Di Natale had been foreshadowing his speech to media with hints about unveiling a plan for a four-day working week. As he appears, unlike most of the policy class, to acknowledge the growing problems of underemployment and “fluid” conditions, this was total spin. He didn’t really talk about formally reduced labour hours at all — what’s to reduce when the secure 40-hour week is itself becoming fiction?

But we can forgive him this moment of cheap promotion. It meant that he was able to utter a truth many of us can detect with our senses: there’s not gonna be that many jobs soon.

Malcolm can talk all he will about innovation and the infinite capacity for capitalism to produce new employment opportunities. The fact is, the private wealth accumulation our Prime Minister has championed for so long, delivered innovation of such excellence, it’s about to put many of us out of work. The robots are coming, said RDN. This need not be cause for panic. This must not be cause for another dose of Thatcherism. It is cause, he said, for a revised Keynesianism. And then, he broke the seal on the policy discussion we were always going to have, Universal Basic Income. (UBI. In the Green lexicon, Adequate Income Guarantee or AIG.)

[Our kids face a jobless future, and pollies (even Bernie) have been utterly useless]

If we don’t have the energy to exact all property from the perspiring hands of the investor class, then UBI is the best thing we’re left with. It is, in the view of many economists including Yanis Varoufakis, the best chance capitalism has for survival. So, it’s hardly a communist fancy. In fact, one of its early iterations, Negative Income Tax, was sketched by none other than Milton Friedman. Today, the IPA still tool around with Uncle Milty’s dream. The appeal for the material right is that free money for all will mean an easy end to Centrelink and all programs of welfare for the poor, and some bonus capital for the rich.

Policymakers on both sides have been talking about UBI among themselves for some time — although he did not mention it during his campaign, Bernie Sanders has been in favour of it for a few years. If quietly applied per the neoliberal preference, UBI will simply reinforce the divide between rent-seekers and the rest of us. If spoken about publicly and frankly, it has a greater chance of serving a greater number of people.

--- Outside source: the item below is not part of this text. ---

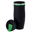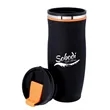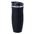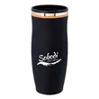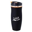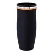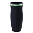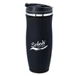 Drink in all the exposure and publicity you can in the Charles tumbler. This insulated stainless steel tumbler is 8 1/8" x 3 1/4" with a plastic liner, matte black exterior and screw-on, spill-resistant lid. Maintains the temperature of 18 ounces of your favorite hot or cold beverages for hours. Black with your choice of five colored accent bands. Add your school, sports team, organizational or company logo or message to create a bold branded giveaway for marketing and social activities and events.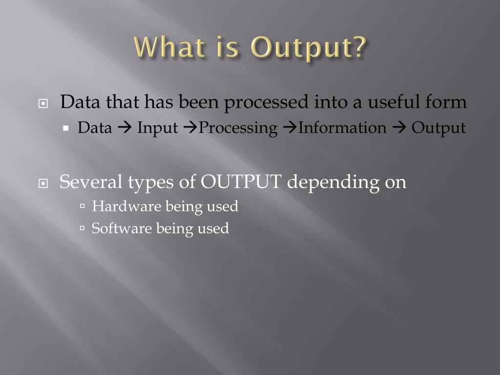 What is Output? • Data that has been processed into a useful form • Data Input Processing Information Output • Several types of OUTPUT depending on • Hardware being used • Software being used

And this was RDN’s great achievement yesterday: to speak publicly and frankly about our political economy. Sure, he made concessions to his base and mentioned words like “love”. He introduced the good young speaker Nada Kalam in a fairly clumsy manner. He congratulated the lady journalists in the room. But, he was also the first Australian politician in a very long time to go to all the bother and the risk of honestly describing the national future.

Shit. I’m probably going to have to vote for them now.